▸ **WORK INSTRUCTION**:
What you give back from the listing below should be an exact copy of the lines from the one with "Eating a large" down to the one with "Each blanket is", and it should contain no pictures.
____ MATERIAL PROVIDED
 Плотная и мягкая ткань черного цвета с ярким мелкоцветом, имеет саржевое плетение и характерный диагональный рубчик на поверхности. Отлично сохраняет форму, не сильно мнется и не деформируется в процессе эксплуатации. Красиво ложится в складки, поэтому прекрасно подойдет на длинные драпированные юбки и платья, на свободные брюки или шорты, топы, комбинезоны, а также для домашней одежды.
________
____ MATERIAL PROVIDED
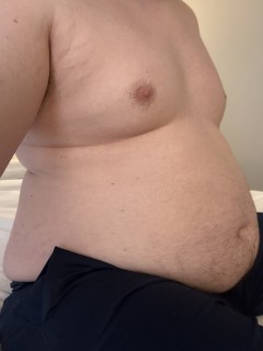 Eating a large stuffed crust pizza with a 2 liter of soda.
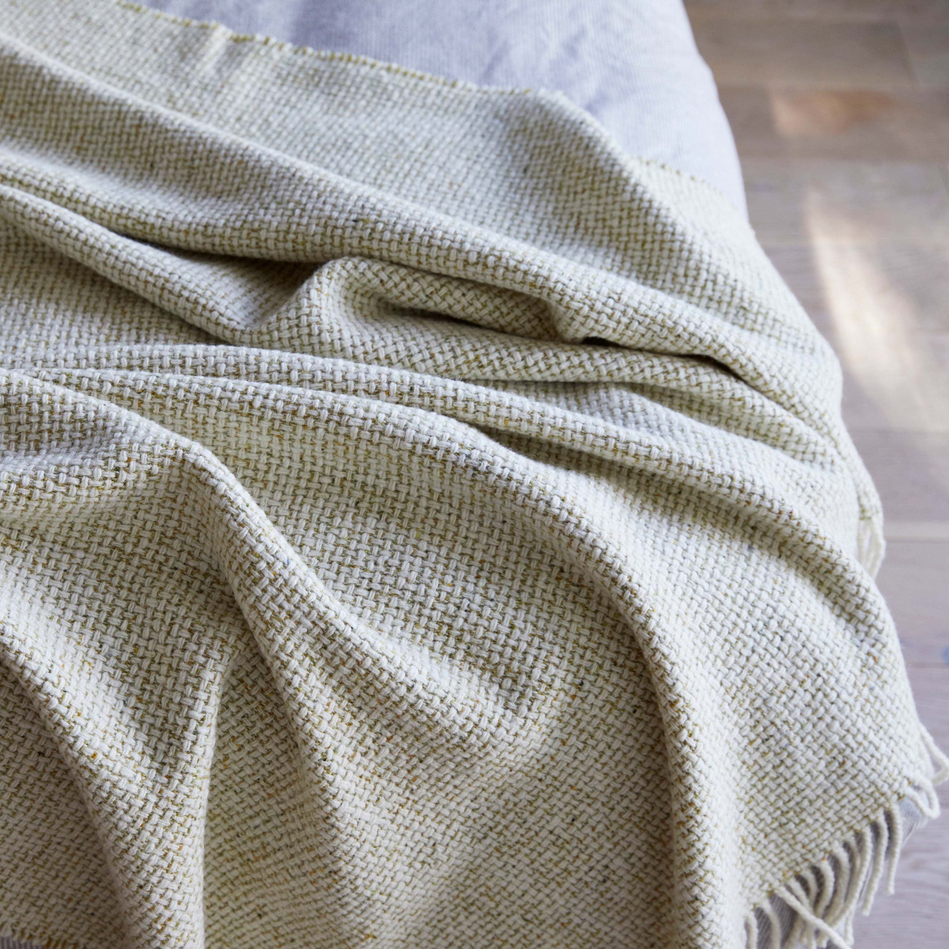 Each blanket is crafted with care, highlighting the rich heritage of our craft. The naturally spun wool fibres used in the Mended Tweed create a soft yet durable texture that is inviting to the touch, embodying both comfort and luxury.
________
▸ **TASK SOLUTION**:
 Eating a large stuffed crust pizza with a 2 liter of soda.
 Each blanket is crafted with care, highlighting the rich heritage of our craft. The naturally spun wool fibres used in the Mended Tweed create a soft yet durable texture that is inviting to the touch, embodying both comfort and luxury.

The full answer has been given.